### SOURCE DATA
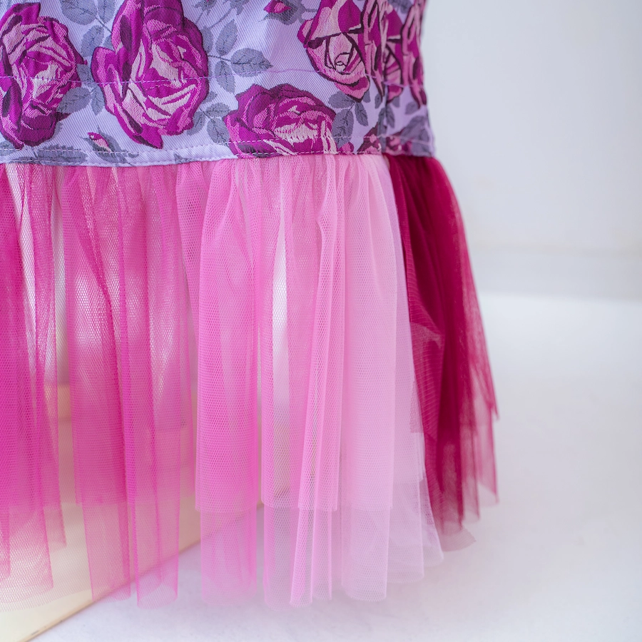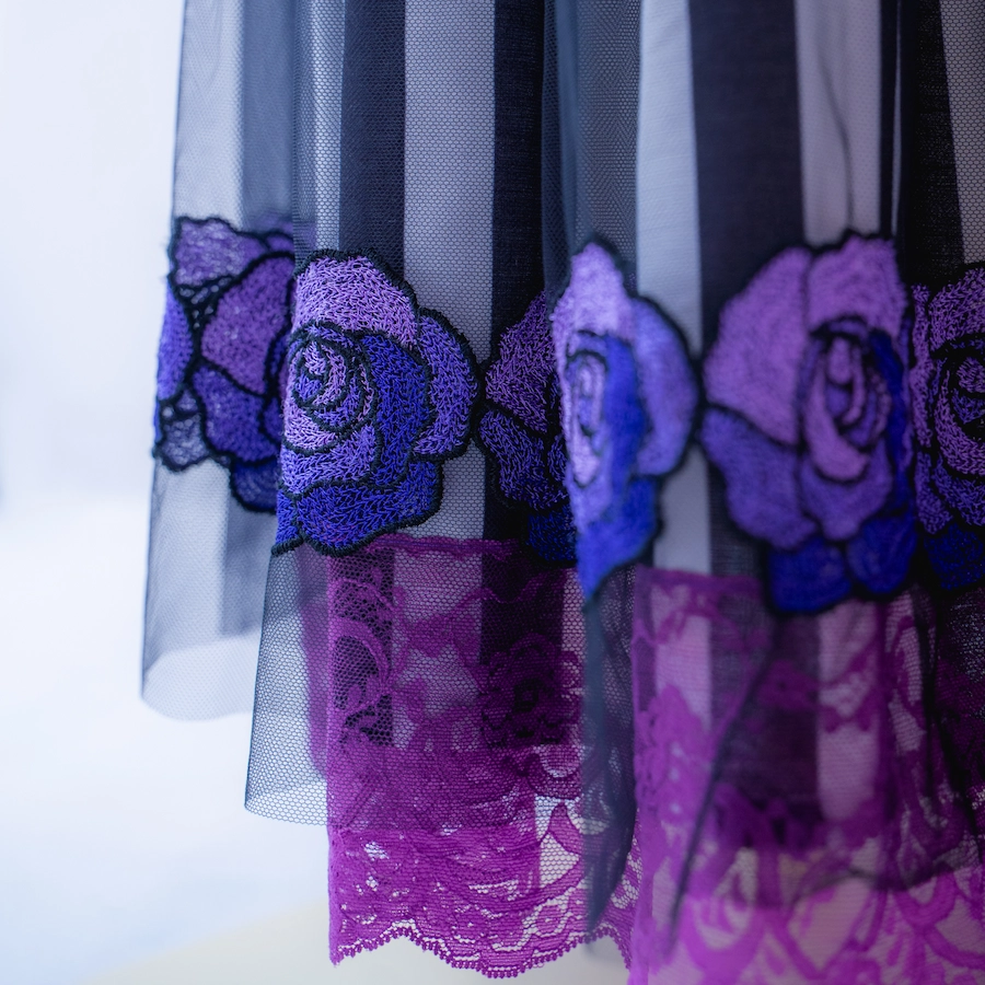 ◆チュール素材にバラの刺しゅうを施した華やかな裾デザイン
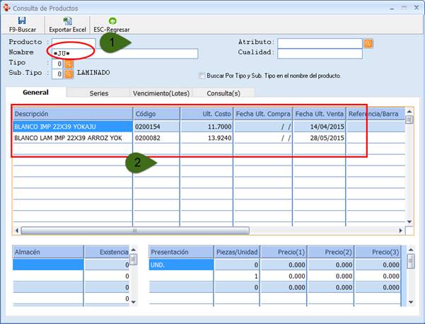 En la ventana Consulta de Productos se realiza la búsqueda en la parte Nombre escribiendo algunas letras del nombre de producto a buscar (paso 1). Presionando ENTER el sistema despliega los resultados que coinciden con el Nombre o letras que ha ingresado el Usuario (paso 2). Se muestra el proceso de Consulta de Productos.
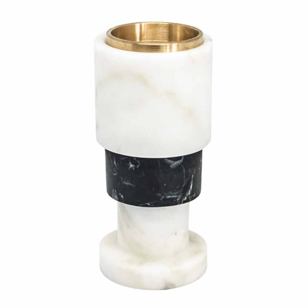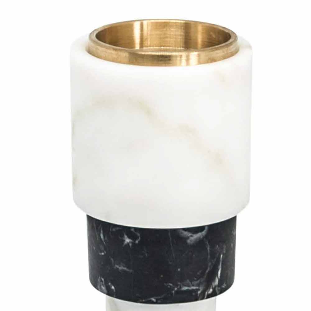 Design lysestage lavet af hvid Carrara marmor, sort Marquinia marmor og messing Made in Italy.

### TASK PROMPT
Retype the data above exactly; pictures are not part of the copy.

### RESULT FOR THIS TASK
 ◆チュール素材にバラの刺しゅうを施した華やかな裾デザイン
 En la ventana Consulta de Productos se realiza la búsqueda en la parte Nombre escribiendo algunas letras del nombre de producto a buscar (paso 1). Presionando ENTER el sistema despliega los resultados que coinciden con el Nombre o letras que ha ingresado el Usuario (paso 2). Se muestra el proceso de Consulta de Productos.
 Design lysestage lavet af hvid Carrara marmor, sort Marquinia marmor og messing Made in Italy.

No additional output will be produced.